Development and trafficking of type 1 and type 17 mucosal-associated invariant T cells

Mucosal-associated invariant T (MAIT) cells colonize mucosal tissues where they become tissue-resident and have important protective and homeostatic functions.

MAIT cells are selected in the thymus by microbial metabolites presented by MHC-related protein 1 (MR1) on thymocytes thereby acquiring an effector phenotype (type 1 or 17).

This project aims at elucidating mechanisms that regulate the last stages of thymic MAIT cell development, including their egress, and identify cues necessary for tissue colonization.
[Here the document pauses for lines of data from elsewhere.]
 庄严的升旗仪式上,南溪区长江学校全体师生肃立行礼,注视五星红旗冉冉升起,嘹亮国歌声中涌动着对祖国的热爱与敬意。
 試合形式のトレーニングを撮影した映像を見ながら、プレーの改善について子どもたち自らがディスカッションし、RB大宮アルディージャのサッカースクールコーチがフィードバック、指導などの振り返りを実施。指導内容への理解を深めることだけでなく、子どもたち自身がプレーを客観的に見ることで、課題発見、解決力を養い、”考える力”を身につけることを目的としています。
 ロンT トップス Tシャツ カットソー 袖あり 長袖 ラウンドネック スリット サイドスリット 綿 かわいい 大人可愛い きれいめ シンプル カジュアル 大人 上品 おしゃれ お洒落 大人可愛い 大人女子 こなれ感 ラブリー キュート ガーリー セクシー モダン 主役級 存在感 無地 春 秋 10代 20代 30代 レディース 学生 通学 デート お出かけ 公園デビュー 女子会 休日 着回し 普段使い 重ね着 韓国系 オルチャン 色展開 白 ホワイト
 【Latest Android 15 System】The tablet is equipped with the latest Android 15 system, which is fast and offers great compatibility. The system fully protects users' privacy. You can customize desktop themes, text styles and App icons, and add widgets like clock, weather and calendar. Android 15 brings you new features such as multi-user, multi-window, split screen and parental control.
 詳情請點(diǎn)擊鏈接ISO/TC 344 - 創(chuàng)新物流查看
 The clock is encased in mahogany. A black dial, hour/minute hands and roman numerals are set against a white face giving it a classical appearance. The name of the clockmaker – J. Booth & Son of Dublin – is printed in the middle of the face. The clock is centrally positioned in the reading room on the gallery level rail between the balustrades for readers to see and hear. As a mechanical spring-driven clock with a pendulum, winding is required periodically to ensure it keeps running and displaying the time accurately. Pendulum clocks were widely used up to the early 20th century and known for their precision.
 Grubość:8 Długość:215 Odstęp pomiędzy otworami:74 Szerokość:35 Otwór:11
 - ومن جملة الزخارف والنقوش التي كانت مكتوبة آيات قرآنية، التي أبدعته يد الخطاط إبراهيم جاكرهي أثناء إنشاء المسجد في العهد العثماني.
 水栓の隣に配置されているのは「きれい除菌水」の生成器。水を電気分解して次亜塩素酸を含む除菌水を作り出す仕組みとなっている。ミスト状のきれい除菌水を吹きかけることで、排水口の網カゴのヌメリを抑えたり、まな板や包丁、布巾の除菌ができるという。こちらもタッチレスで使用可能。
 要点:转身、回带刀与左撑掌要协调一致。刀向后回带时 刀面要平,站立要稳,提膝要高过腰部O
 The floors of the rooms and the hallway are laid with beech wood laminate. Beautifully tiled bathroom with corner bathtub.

Specifically, we will couple transcriptomics and thymus transplantation models to analyze canonical thymic MAIT cell development, thereby identifying new regulators of the MAIT1/17 fates, as well as to identify MAIT cells that recently exited the thymus and seeded mucosal organs, thereby identifying new regulators of tissue adaptation.

These targets will be functionally tested in models combining CRISPR/Cas9 encoded by lentivirus with bone-marrow chimeras or adoptive transfers.

Additionally, we will determine the identity and dynamics of MAIT cells exiting the thymus to colonize tissues by combining different experimental approaches including in vivo EdU/biotin labeling, thymectomy and blockage of thymus egress.

Lastly, we will address whether MR1–microbial metabolites are required for the maintenance of MAIT cells in tissues at steady-state using mono-colonization/decolonization of germ-free mice and by conditionally ablating Mr1. Overall, this work will uncover fundamental mechanisms underlying MAIT cell development and tissue colonization.

Albeit outside the scope of this work, it is possible that the mechanisms uncovered here may have implications in other innate-like T cells or for the establishment of mainstream tissue-resident T cells.